Mit dem internationalen Ruhm kam auch ein gewisser Wohlstand, der dem Virtuosen ein starkes Engagement bei caritativen Projekten jeder Art ermöglichte. In Deutschland gründete er eine Stiftung für den Cellisten-Nachwuchs. In Argentinien engagierte er sich für die Instandsetzung eines Kinderkrankenhauses. In Moskau stiftete er die erste „Kinderklinik auf Rädern“. Pensionierte Musiker des Moskauer Bolschoi-Theaters dürfen sich über Zuwendungen aus einem von ihm gegründeten Pensions-Fonds freuen, den er mit seinen durchaus stattlichen Gagen füllt. Seit 1998 ist er zudem Friedens-Botschafter der UNESCO. Der deutsche Musikforscher und Musikkritiker Hans Heinz Stuckenschmidt warf in diesem Zusammenhang alle wissenschaftliche Contenance von sich und geriet in eine fast pathetische Schwärmerei: „Der Geist von Schillers und Beethovens ‚Alle Menschen werden Brüder‘ hat in Mstislaw Rostropowitsch seine moderne Verkörperung gefunden“.

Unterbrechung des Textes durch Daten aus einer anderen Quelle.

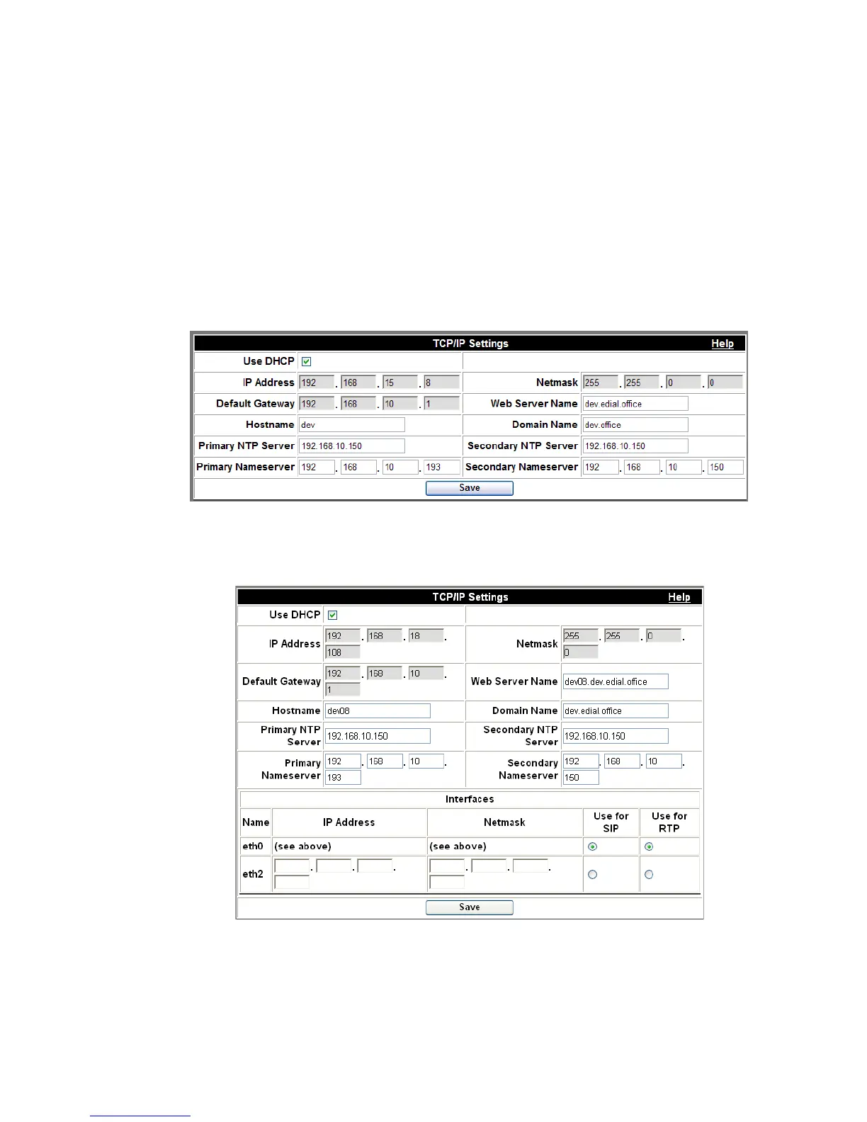 Figure 2-2 TCP/IP Settings Page with Eth0 and Eth01 Interfaces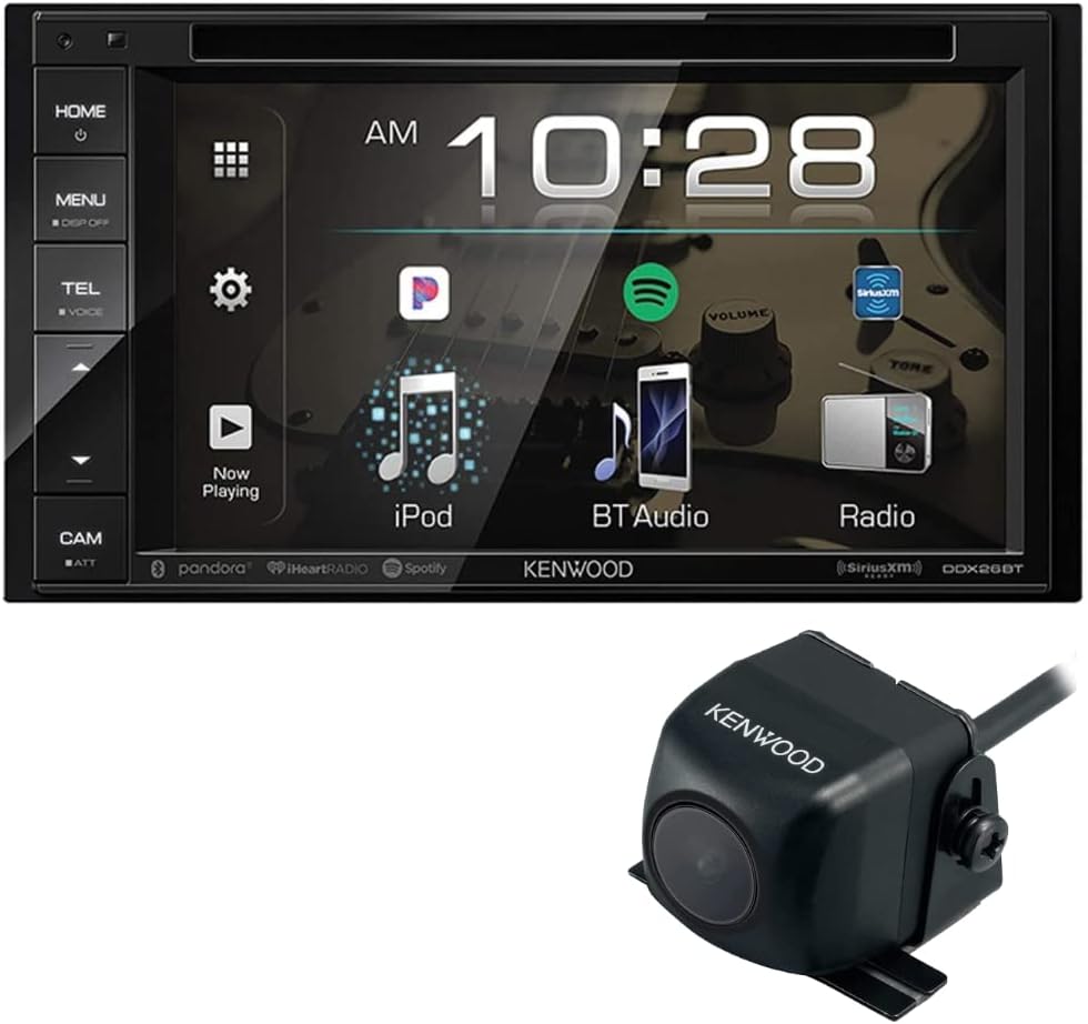 "Kenwood DDX26BT Double DIN SiriusXM Ready Bluetooth in-Dash DVD/CD/AM/FM Car Stereo Receiver w/ 6.2"" Touchscreen | Plus CMOS-230 Rearview Camera with Universal Mounting Hardware & Video Cable"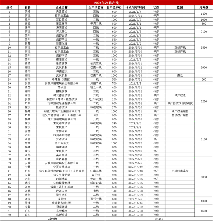 截至2025年6月5日,全国浮法玻璃日产量为15.68万吨,比29日-0.6%。全国浮法玻璃周产量109.79万吨,环比-0.56%,同比-8.64%。截至2025年6月5日,国内玻璃生产线在剔除僵尸产线后共计296条,其中在产224条,冷修停产72条。

Die Auflösung der kommunistisch geprägten Strukturen im östlichen Europa ließ auch den Bannfluch über Rostropowitsch allmählich dahinschmelzen: Im Februar 1989 wurde er wieder in den sowjetischen Komponistenverband aufgenommen, im Januar 1990 gewährte man ihm auch wieder die russische Staatsbürgerschaft. Zwischendurch war er, im November 1989, einen Tag nach der Maueröffnung, nach Berlin gereist, um direkt vor einem Grenzübergang Bach zu interpretieren. Auf die Frage, was dessen Solosuiten für Violoncello für einen Cellisten bedeuten, antwortete Rostropowitsch einmal: „Dasselbe wie die Bibel für den Gläubigen ... Bach – das Brot für die Welt.“ Und sogar die Ehrungen brachen wieder über ihn herein – diesmal (1993) als, so der Titel, „Verteidiger der Freiheit Russlands“. Es versteht sich von selbst, dass der Künstler nach der osteuropäischen Wende auch wieder in seiner Heimat musiziert. Und Dvořák? Sein Konzert für Violoncello und Orchester h-moll, op. 104, kennt einfach keinen besseren Interpreten als diesen Mann mit dem unaussprechlichen Namen! Eine Referenzaufnahme dieses Konzertes liegt vor in der erwähnten Berliner Einspielung mit Karajan aus dem Jahre 1968. Demgegenüber zeichnen sich jüngere Aufnahmen lediglich hier und da durch die seither erheblich verbesserte Aufnahmetechnik aus.